Chicago - Medley (Make Me Smile), Lowdown
Gypsy - Gypsy Queen
Bloodrock - Whiskey Vengeance
Three Dog Night - Liar, Instrumental?
Allman Brothers - Don't Want You No More / Ain't My Cross To Bear
Led Zeppelin - Thank You, Your Time is Gonna Come
Mandrill : Mandrill, 
Rhinoceros : Apricot Brandy 
Jethro Tull - We Used To Know
The Blues Project -
Deep Purple - Smoke on the Water
Sha Na na - Rock Medley
Sly and the Family Stone - Take You Higher - Medley
 

More Photos.. 

I hadn't seen these pictures until Leigh Moore passed them on to me recently. He received them from Jim Durwood. I think they may have been taken in the Souris Hall, but I'm not sure. The time is likely the fall of 1971. Mike Burtch had joined the band on percussion and Dave Hasselfield on sax.  Before long Mike was bringing a complete kit plus the congas.

 

Leigh on his clavinet.
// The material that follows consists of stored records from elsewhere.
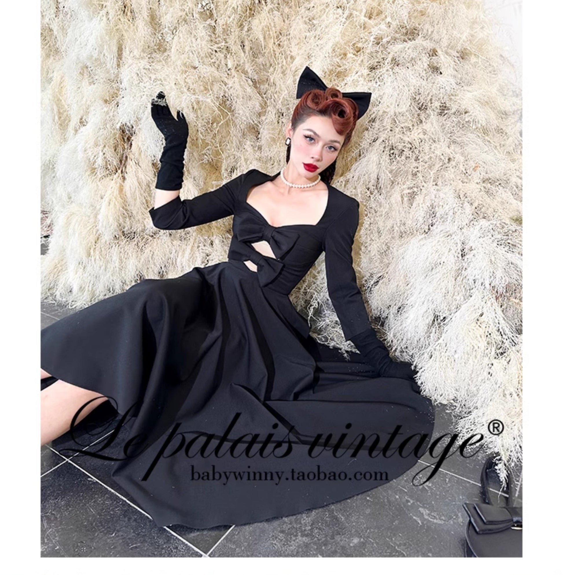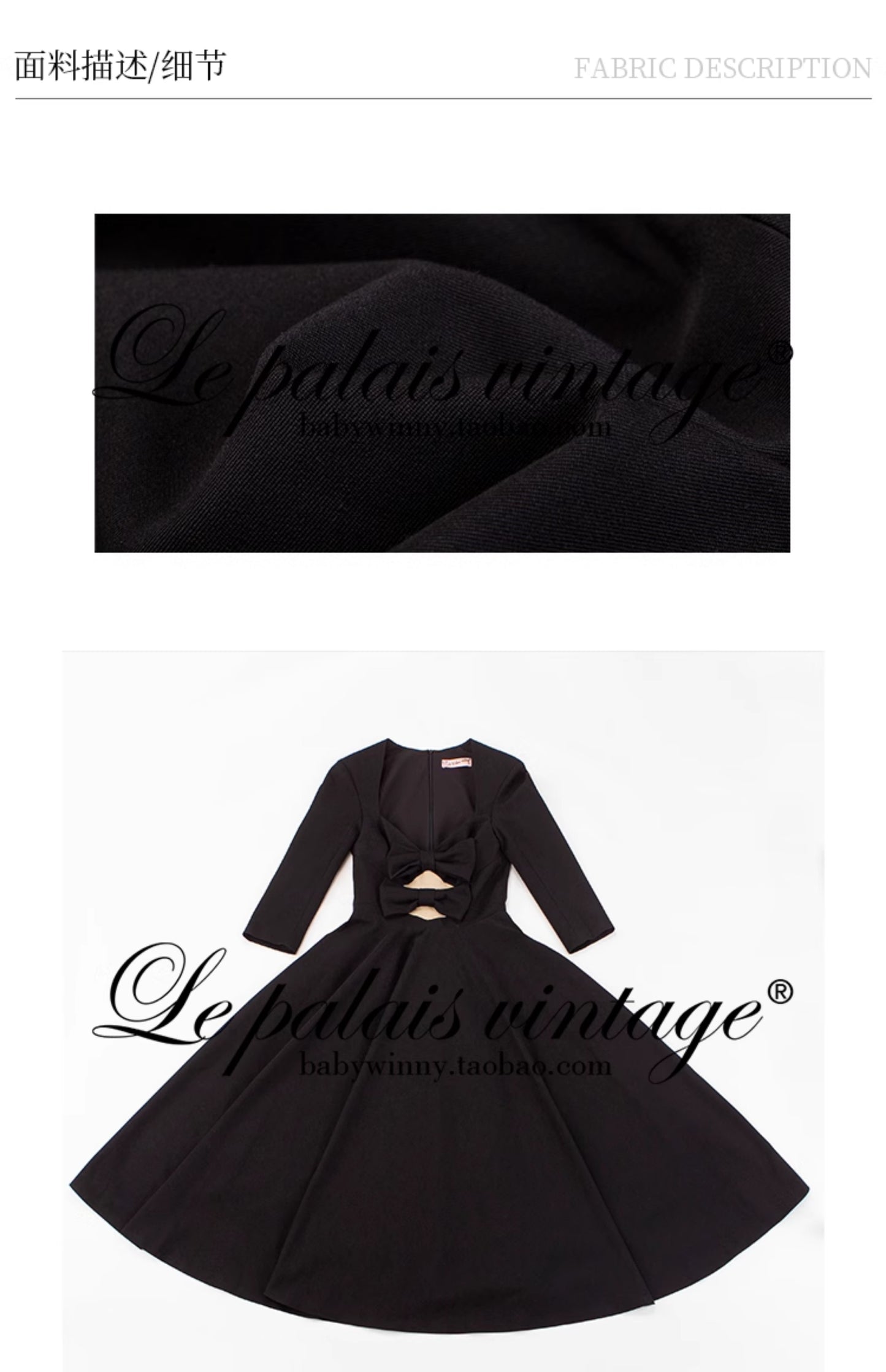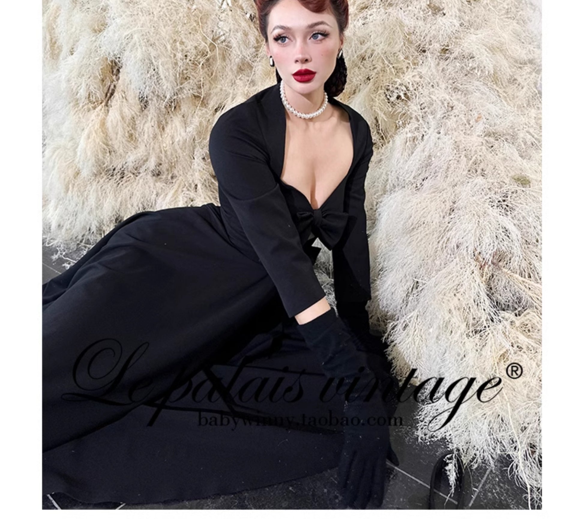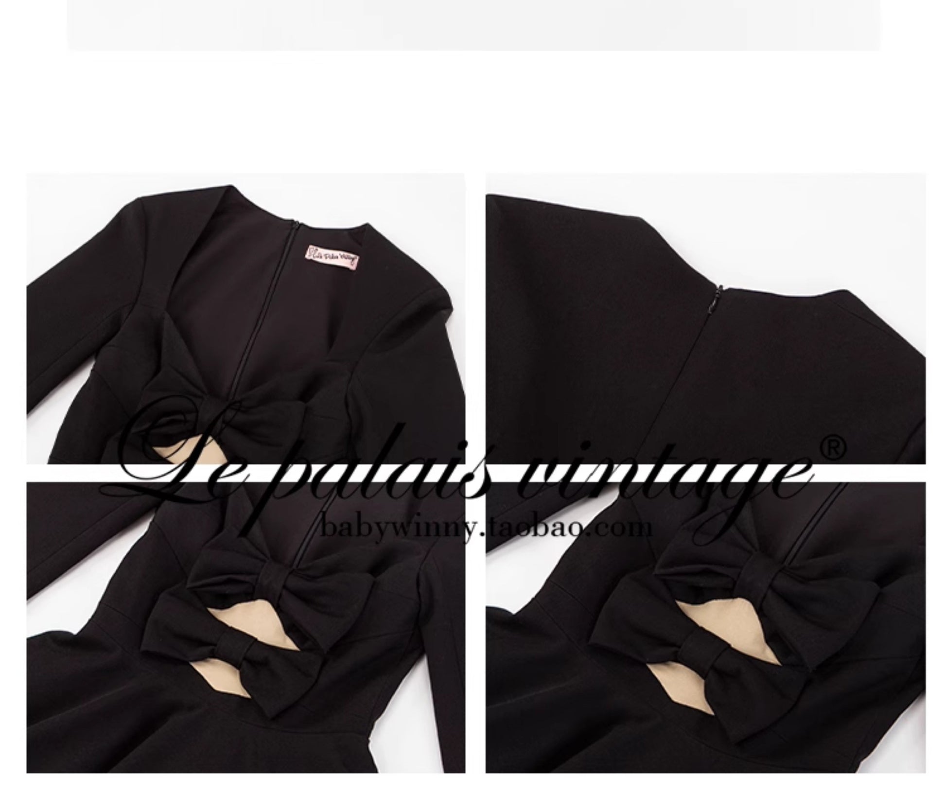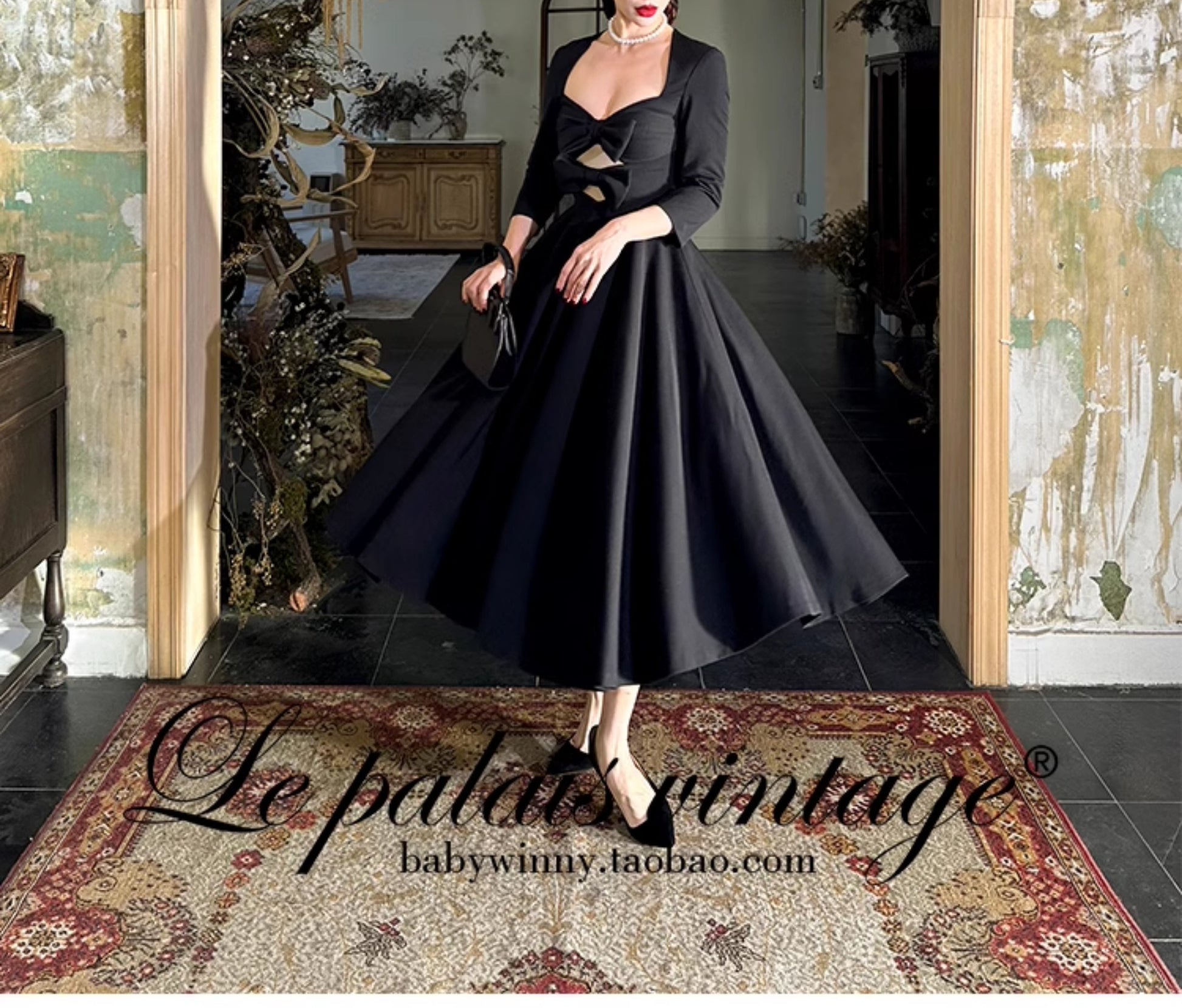 Le Palais Vintage Elegant Retro Long Sleeves Midi black Cocktail Dress-Aurora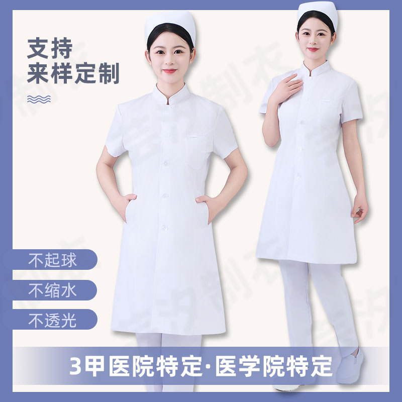 修身收腰长款短袖护士服实习医生美容女护士服夏季女款立领工作服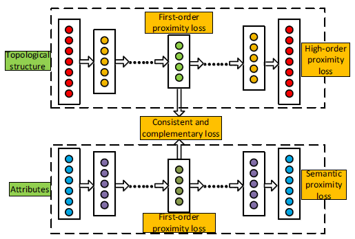 邻近性保持:属性网络中存在三种类型的邻近性,语义邻近性(semantic proximity) 、高阶邻近性(high-order proximity) 、一阶邻近性 (first-order proximity)。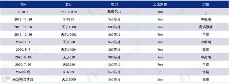 ▲联发科5G芯片产品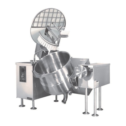 Kettle/Mixer, gas, 40-gallon capacity, 2/3 steam jacket design, 316 series stainless steel liner, tilt-type, automatic ignition, solid-state temperature control, power on/off switch, variable ratio control between scraper & agitator, two-piece cover with screen, includes 3" diameter quick opening butterfly valve, strainer and hot/cold faucet, open leg base, stainless steel construction, 140,000 BTU (contact factory for price)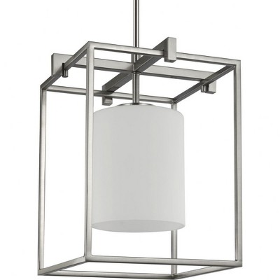 Progress Lighting Mystic 1-Light Pendant, Brushed Nickel, Etched White Glass Shade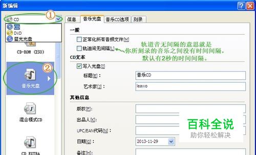 弹出“新编辑”窗口,选择如图“CD”→“音乐光盘”→“新建”。其中可以按需要选择性设置各参数。如“写入光盘”的标题/艺术家等。

Before he purchased the electric piano.

Me with the SG I got from Tom Cornett

 

Paul with his Telecaster bass

 

Jamie Durward

 

Mike Burtch

Dave Has

And More Photos..  

Another Brandon University "Pub"

 

Ken, Paul, Leigh, Garth, Jamie, Barb and… Dave was off to the right

Afterthoughts:

Barb Good (Now Barb Falloon) was teaching at Souris School, where I worked for 12 years.

Leigh lives in Prince Edward County, east of Toronto where he plays with "The Fade Kings" It was cool to re-connect with Leigh and exchange e-mails after all these years. 

I've lost touch with Mike Kotyk, Gaye, and Mike Pettit.

Mike Burtch recently found this site and contacted me. He recently retired from his position as Curator of the Art Gallery of Algoma (Sault Ste. Marie). He was just completing work on a very interesting film project: Painted Land: In Search of the Group of Seven.

Jim Durward also contacted me recently and it was nice to hear from him. He's written and directed a few movies.

Dave was playing jazz in (and coaching football) in Winnipeg last I heard - I'm connected with him on Facebook.

Paul lives in Brandon and is still playing. I spoke to him recently, and saw his current band a Beatles tribute.